Paper short abstract:
Some Asian elephant feeding behavior are interpreted by local people in Chumphon province as self-medication behavior. Among the plants involved some are also used by humans for medicinal purpose, raising the question of TMK input from the observation of animals.
Paper long abstract:
In the course of an ethnobotanic survey carried out in Chumphon province - Thailand, species of plants eaten by domestic Asian elephants were collected in forest and identified. The mahouts with whom we worked distinguish plant intake from elephants feeding themselves in the forest according to two categories: feed intake and medicinal intake. Some of the species identified as elephant medicinal plants are also used by humans as tonics or for other medicinal purpose, which raises the question of possible TMK input from the observation of animals.
Paper short abstract:
This paper presents collaborative work undertaken by geneticists and archaeologists in the field of archaeogenetics. Ancient DNA was successfully extracted from carbonised rice grains from six archaeological sites, in India and Thailand.
Paper long abstract:
In this collaborative paper, we report successful extraction and sequencing of ancient DNA from carbonised rice grains (Oryza sativa) from six archaeological sites, including two from India (Ter and Balathal) and four from Thailand (Ban Non Wat, Khao Sam Kaeo, Noen U-Loke and Phu Khao Thong), ranging in age from ca. 2500 to 1500 BP. PCR amplification was the technique used and include chloroplast and nuclear genetic markers. aDNA success rates and morphometric analysis will also be discussed.
Paper short abstract:
Genetic research suggests that a non-domesticated lineage of taro has hybridised with other Colocasia species in North Vietnam. There is no evidence yet of hybridisation with cultivated taro. This implies a relatively recent arrival of cultivated taro, or constraints on breeding by cultivated taro.
Paper long abstract:
During recent surveys in northern Vietnam, we found breeding populations of wild taro (Colocasia esculenta) in and around human settlements (commensal wild taro) and also in apparently natural habitats. From lower to higher altitudes, and across diverse ecological zones, we encountered at least five different Colocasia species, and diverse pollinating flies in the genus Colocasiomyia.

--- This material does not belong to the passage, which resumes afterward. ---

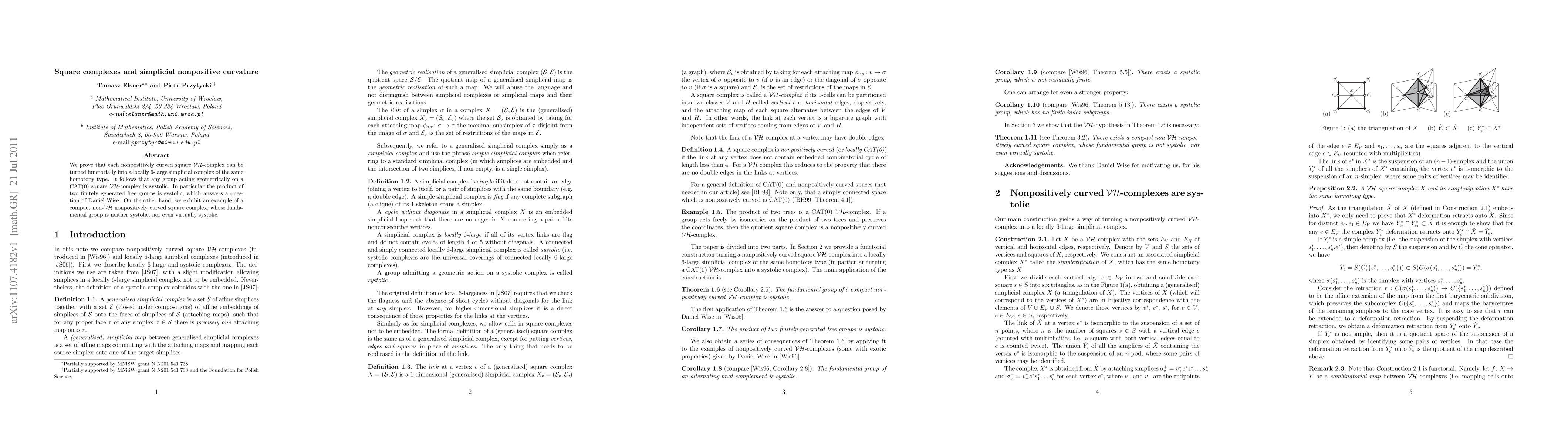 We prove that each nonpositively curved square VH-complex can be turned functorially into a locally 6-large simplicial complex of the same homotopy type. It follows that any group acting geometrically on a CAT(0) square VH-complex is systolic. In particular the product of two finitely generated free groups is systolic, which answers a question of Daniel Wise. On the other hand, we exhibit an example of a compact non-VH nonpositively curved square complex, whose fundamental group is neither systolic, nor even virtually systolic.
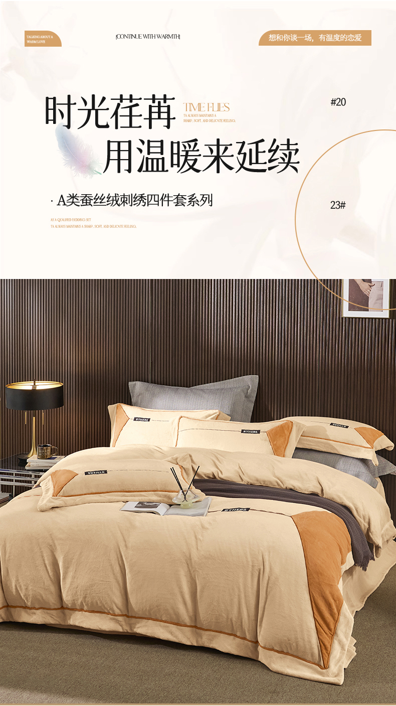 商品名称:名品优仓 2024新款高克重牛奶绒刺绣四件套-巴伦西亚 甜灰

Previous genetic research suggests that C. esculenta has hybridised with other Colocasia species multiple times. It is likely that human introduction of cultivated taro, and human creation of open habitats suitable for wild and cultivated taro, has led to greater sympatry between taro and other Colocasia species, and among their associated insect pollinators. However, introgressed lineages of the taro chloroplast genome belong to a wild superclade that is not known to have been domesticated. There is no evidence yet of hybridisation between cultivated taro and the other wild Colocasia species.
Our findings imply a relatively recent spread of cultivated taro into the region, or biological constraints on cross-breeding, despite sympatry. The biological limits on cross-breeding between Colocasia species are not yet known. If hybridisation and introgression were natural processes that predated human introduction of taro, they may reflect long-term changes in climate and plant distributions, over millions of years.
If breeding by naturalised forms of cultivated taro is widespread, it may have helped generate diversity among cultivated taros in Vietnam. Cross-breeding among cultivars is inherently more likely to generate new cultivars than cross-breeding with natural wild populations of taro or with other Colocasia species.